We do, however, have a curious downward trend in performance throughout the day (though much less drastic than before). Where did that come from?

MongoDB's storage format

To figure out the downward performance through the day, we need to take a brief detour into the actual format that MongoDB uses to store data on disk (and memory), BSON. Normally, we don't need to worry about it, since the pymongo driver converts everything so nicely into native Python types, but in this case BSON presents us a performance problem.

Although MongoDB documents, such as our minute embedded document, are represented in Python as a dict (which is a constant-speed lookup hash table), BSON actually stores documents as an association list. So rather than having a nice hash table for minute, we actually have something that looks more like the following:

minute = [
    [ "0000", 3612 ],
    [ "0001", 3241 ],
    # ...
    [ "1439", 2819 ] ]

Now to actually update a particular minute, the MongoDB server performs the something like the following operations (psuedocode, with lots of special cases ignored):

inc_value(minute, "1439", 1)

def inc_value(document, key, value)
    for entry in document:
        if entry[0] == key:
            entry[1] += value
            break

The performance of this algorithm, far from our nice O(1) hash table, is actually O(N) in the number of entries in the document. In the case of the minute document, MongoDB has to actually perform 1439 comparisons before it finds the appropriate slot to update.

Fixing the downward trend with hierarchy

To fix the problem, then, we need to reduce the number of comparisons MongoDB needs to do to find the right minute to increment. The way we can do this is by splitting up the minutes into hours.
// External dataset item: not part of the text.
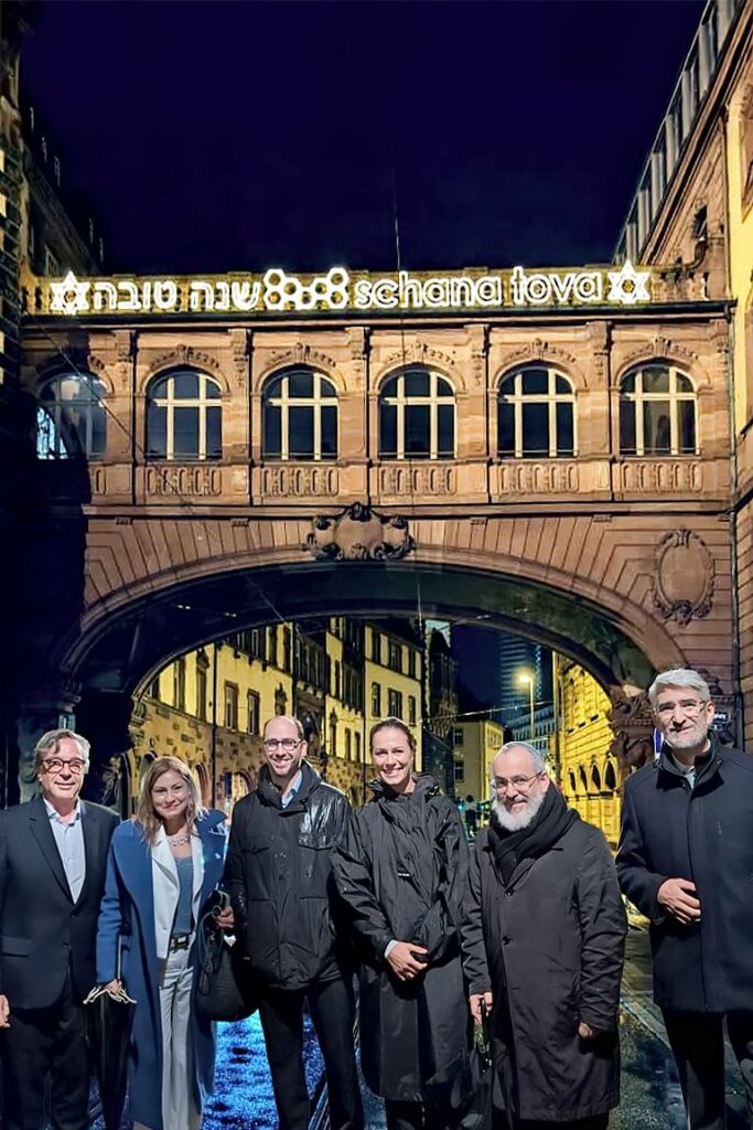 Schana tova mitten in Frankfurt: Zu Rosch HaSchana 5786 erstrahlte „Seufzerbrücke“ in der Bethmannstraße erstmals mit dem Neujahrsgruß Schana tova – über dieses sichtbare Zeichen des Respekts und der Anerkennung jüdischen Lebens in unserer Stadt haben wir uns sehr gefreut.

Our daily stats document now looks like the following:

{ _id: "20101010/metric-1",
  metadata: {
    date: ISODate("2000-10-10T00:00:00Z"),
    metric: "metric-1" },
  daily: 5468426,
  hourly: {
    "0": 227850,
    "1": 210231,
    ...
    "23": 20457 },
  minute: {
    "00": {        
        "0000": 3612,
        "0100": 3241,
        ...
    }, ...,
    "23": { ..., "1439": 2819 }
}

Our record_hit and preallocate routines have to change a bit as well:

def record_hit_hier(coll, dt, measure):
    if PREALLOC and random.random() < (1.0/1500.0):
        preallocate_hier(coll, dt + timedelta(days=1), measure)
    sdate = dt.strftime('%Y%m%d')
    metadata = dict(
        date=datetime.combine(
            dt.date(),
            time.min),
        measure=measure)
    id='%s/%s' % (sdate, measure)
    coll.update(
        { '_id': id, 'metadata': metadata },
        { '$inc': {
                'daily': 1,
                'hourly.%.2d' % dt.hour: 1,
                ('minute.%.2d.%.2d' % (dt.hour, dt.minute)): 1 } },
        upsert=True)

def preallocate(coll, dt, measure):
    '''Once again, simplified for explanatory purposes'''
    metadata, id = # compute metadata and ID
    coll.update( 
       { '_id': id },
       { '$set': { 'metadata': metadata },
         '$inc': { 
             'daily': 0,
             'hourly.00': 0,
             # ...
             'hourly.23': 0,
             'minute.00.00': 0,
             # ...
             'minute.00.59': 0,
             'minute.01.00': 0,
             # ...
             'minute.23.59': 0 } },
       upsert=True)

Once we've added the hierarchy and re-run our experiment, we get the nice, level performance we'd like to see:

Performance with Hierarchical Minutes

Conclusion

It's always nice to see "tips and tricks" borne out through actual, quantitative results, so this was probably the most enjoyable talk I've ever put together. The things I got out of it were the following:

  • Growing documents is a very bad thing for performance. Avoid it if at all possible.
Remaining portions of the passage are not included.